**Exercise directions**
Please repeat the entries exactly as they appear and omit any images.

**Listed records**
■ ■ ■ ■

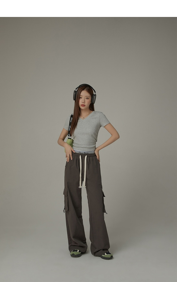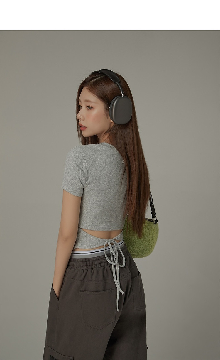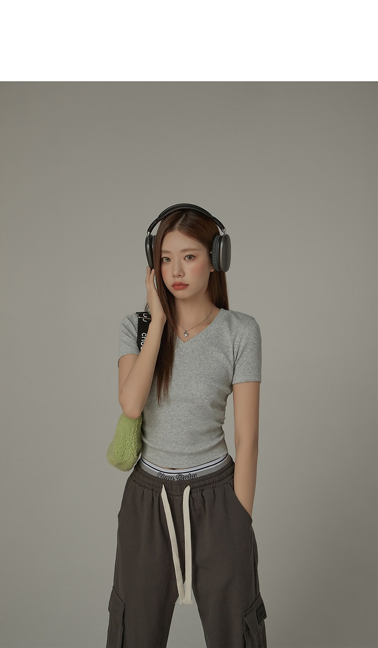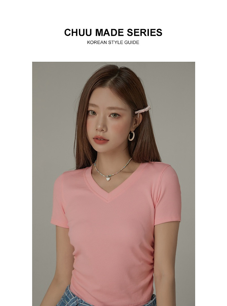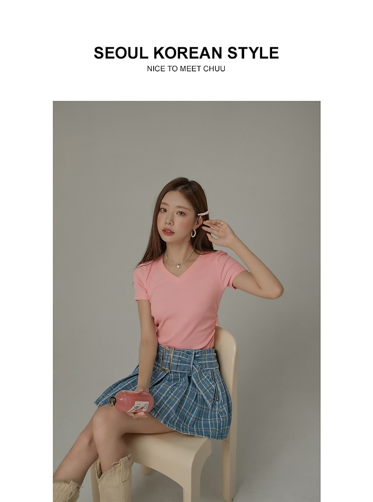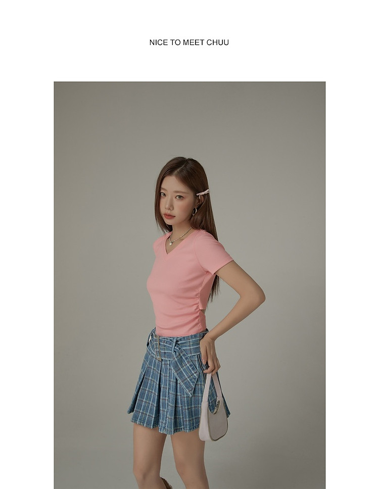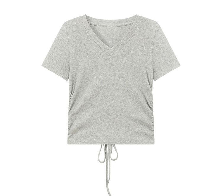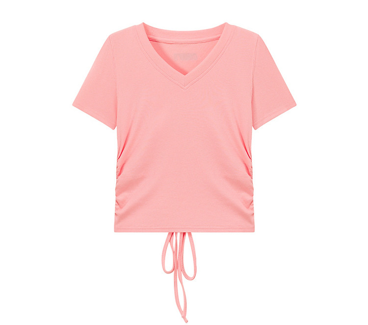 商品名称:正肩短袖T恤女秋字母镂空系带抽褶V领纯色上衣薄 145491
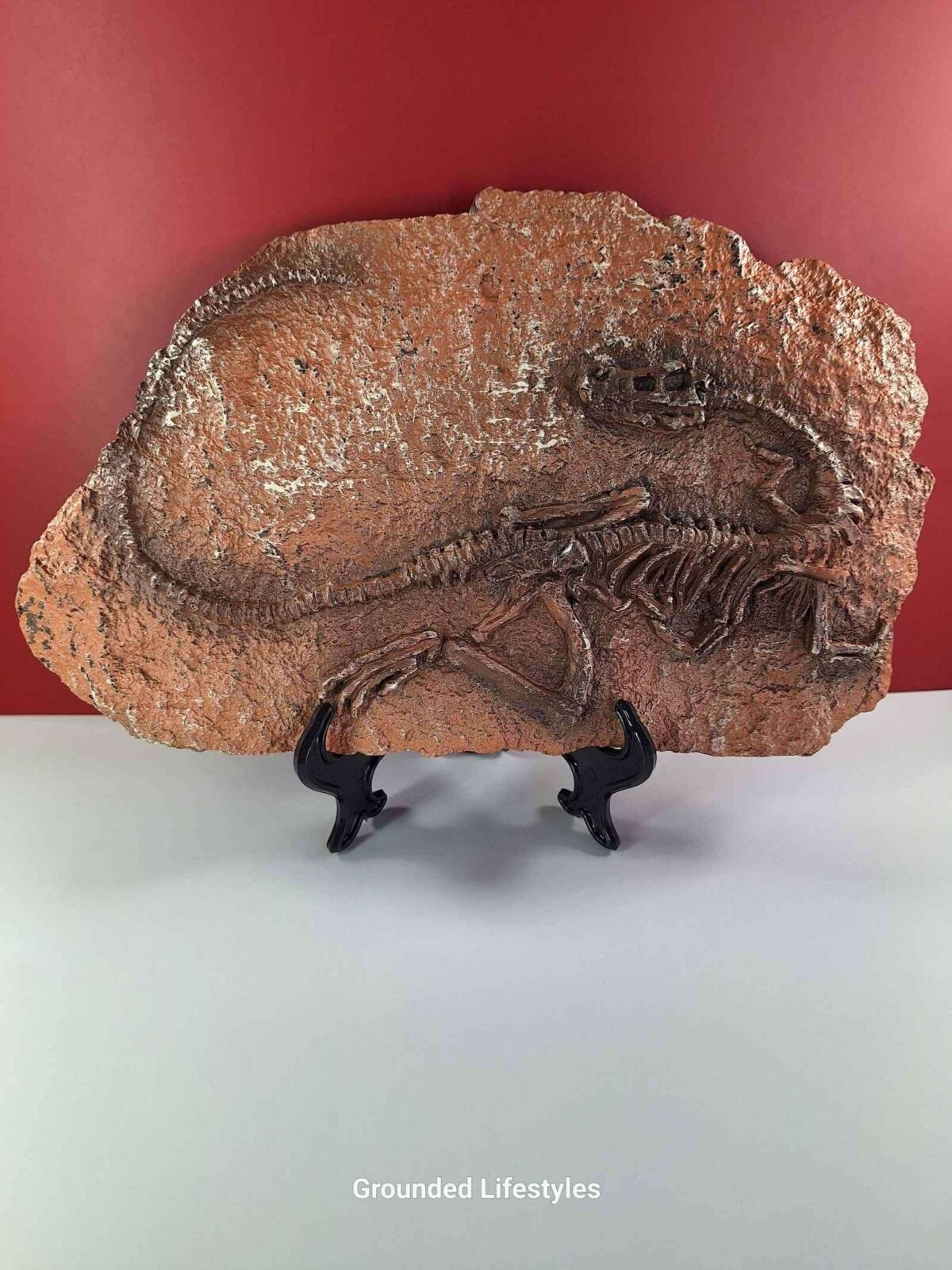 The plaque is created using the mold-and-cast method, where molds are taken directly from genuine fossils or scientifically accurate models. These molds are filled with durable resin or composite material, ensuring fine skeletal details are preserved while making the piece lightweight and easy to handle. Replica casts allow paleontology enthusiasts to study accurate forms without endangering fragile originals.
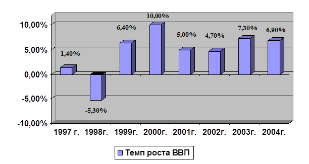 За время, прошедшее после кризиса 1998 г., экономика России развивалась довольно быстрыми темпами. Темпы роста ВВП постепенно росли и в 2000г. составили 10,0%. Эта тенденция изменилась в 2001 г.: рост ВВП в составил 5,0% по сравнению с прошлым годом, а в 2002 г. 4,7%. В 2003 г. наметился рост ВВП и составил 7,3% За текущий год рост ВВП отстает от предыдущего года и составляет 6,9%, что на 0,4% ниже прошлогоднего. Темпы роста ВВП представлены в Диаграмме 1.
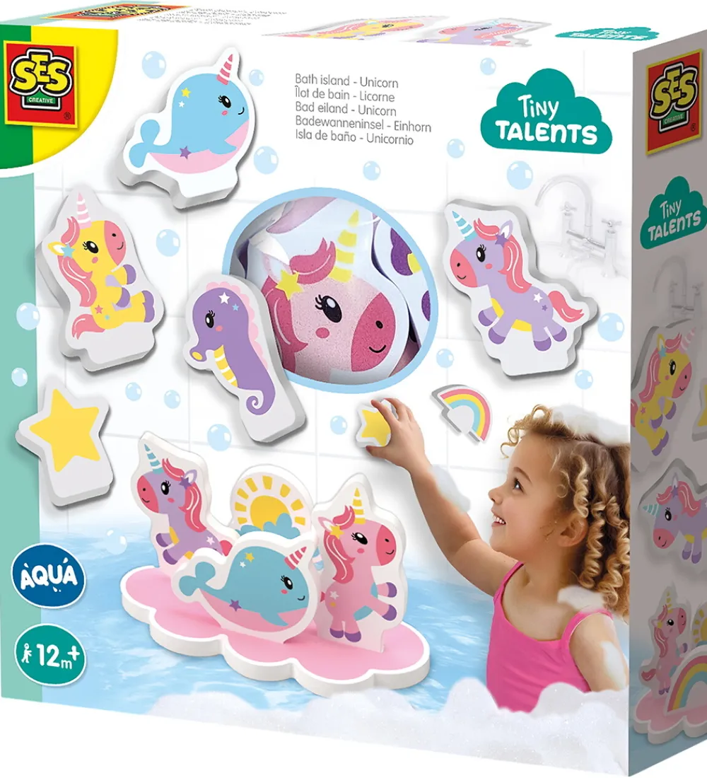Charmerende SES Creative badelegetøj i lyse farver med enhjørninger og regnbuer. Indbyder til masser af kreativ leg i badet. SES Creative sikrer timevis af sjov med flotte figurer, der flyder på vandet.
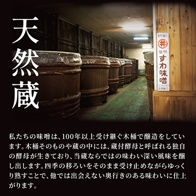 八ヶ岳山麓から地下を通り木落し下より湧き出ている名水、昔から手造り蔵に居ついた醸造菌、檜の大樽、職人の伝統の技によって生まれる信州味噌個性溢れる「丸井伊藤商店だけの味」です。
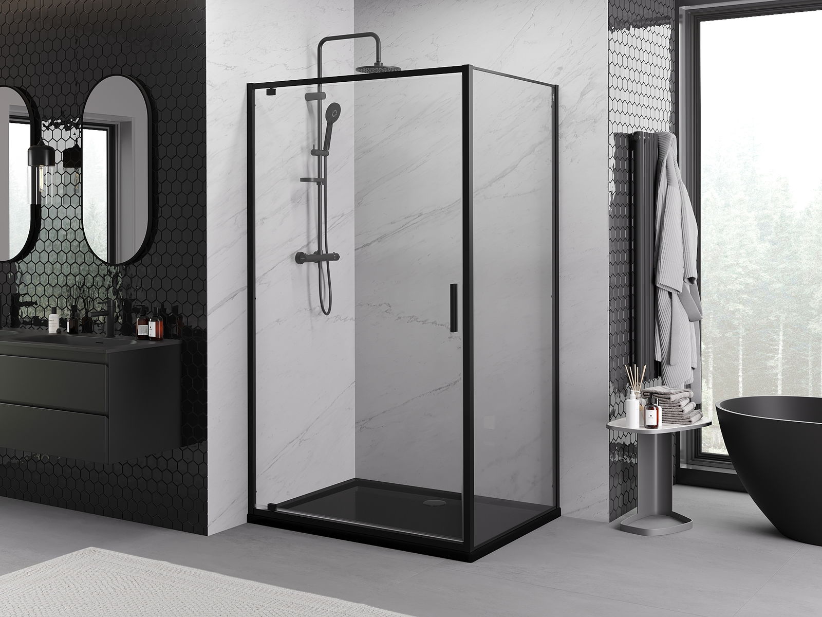 Das Produkt kann je nach Bedarf sowohl auf einer Duschwanne als auch direkt auf dem Boden montiert werden. Die universelle Montagemethode ermöglicht die Anpassung des Produkts an verschiedene Arten von Badezimmern und Raumkonfigurationen.

■ ■ ■ ■

**Answer to this problem**
 商品名称:正肩短袖T恤女秋字母镂空系带抽褶V领纯色上衣薄 145491
 The plaque is created using the mold-and-cast method, where molds are taken directly from genuine fossils or scientifically accurate models. These molds are filled with durable resin or composite material, ensuring fine skeletal details are preserved while making the piece lightweight and easy to handle. Replica casts allow paleontology enthusiasts to study accurate forms without endangering fragile originals.
 За время, прошедшее после кризиса 1998 г., экономика России развивалась довольно быстрыми темпами. Темпы роста ВВП постепенно росли и в 2000г. составили 10,0%. Эта тенденция изменилась в 2001 г.: рост ВВП в составил 5,0% по сравнению с прошлым годом, а в 2002 г. 4,7%. В 2003 г. наметился рост ВВП и составил 7,3% За текущий год рост ВВП отстает от предыдущего года и составляет 6,9%, что на 0,4% ниже прошлогоднего. Темпы роста ВВП представлены в Диаграмме 1.
Charmerende SES Creative badelegetøj i lyse farver med enhjørninger og regnbuer. Indbyder til masser af kreativ leg i badet. SES Creative sikrer timevis af sjov med flotte figurer, der flyder på vandet.
 八ヶ岳山麓から地下を通り木落し下より湧き出ている名水、昔から手造り蔵に居ついた醸造菌、檜の大樽、職人の伝統の技によって生まれる信州味噌個性溢れる「丸井伊藤商店だけの味」です。
 Das Produkt kann je nach Bedarf sowohl auf einer Duschwanne als auch direkt auf dem Boden montiert werden. Die universelle Montagemethode ermöglicht die Anpassung des Produkts an verschiedene Arten von Badezimmern und Raumkonfigurationen.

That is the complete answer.